__Exercise requirements__. Each line in the records below, from the one that contains "Идею рецепта я" to the one that contains "蓝色格子的餐桌和坐垫搭配以蓝色相间的墙纸为背景的餐厅带出地中海的清新格调。", should be reproduced exactly, the first and last included.
(Input for this task)
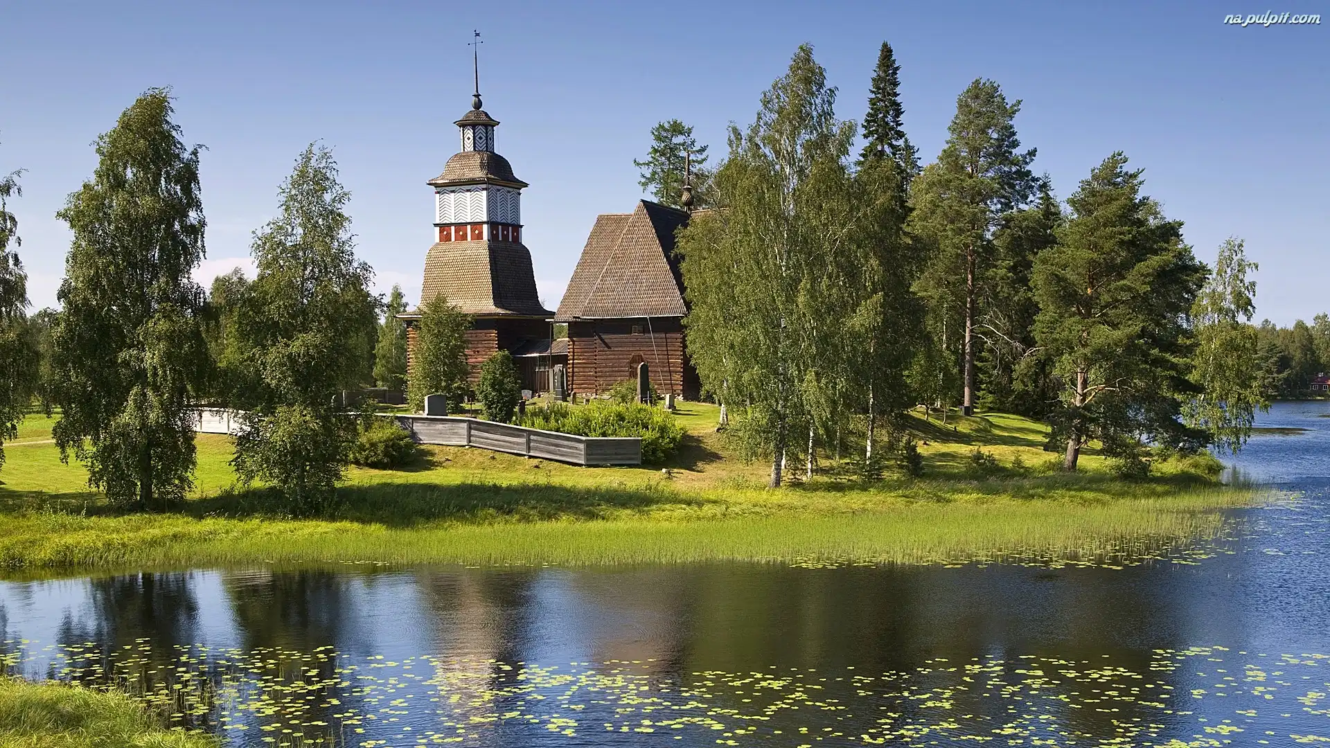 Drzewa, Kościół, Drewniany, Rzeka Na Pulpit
(End Input for this task)
(Input for this task)
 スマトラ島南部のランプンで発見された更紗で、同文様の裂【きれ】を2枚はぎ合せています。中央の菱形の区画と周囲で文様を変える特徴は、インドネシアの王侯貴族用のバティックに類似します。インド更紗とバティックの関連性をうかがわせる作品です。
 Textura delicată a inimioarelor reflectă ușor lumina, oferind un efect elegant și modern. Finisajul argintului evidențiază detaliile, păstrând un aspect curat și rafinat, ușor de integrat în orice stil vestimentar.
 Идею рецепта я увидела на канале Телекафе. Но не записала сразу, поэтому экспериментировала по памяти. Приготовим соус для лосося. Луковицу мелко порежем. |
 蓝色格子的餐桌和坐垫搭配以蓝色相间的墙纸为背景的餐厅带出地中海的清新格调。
(End Input for this task)
__Exercise solution__.
 Идею рецепта я увидела на канале Телекафе. Но не записала сразу, поэтому экспериментировала по памяти. Приготовим соус для лосося. Луковицу мелко порежем. |
 蓝色格子的餐桌和坐垫搭配以蓝色相间的墙纸为背景的餐厅带出地中海的清新格调。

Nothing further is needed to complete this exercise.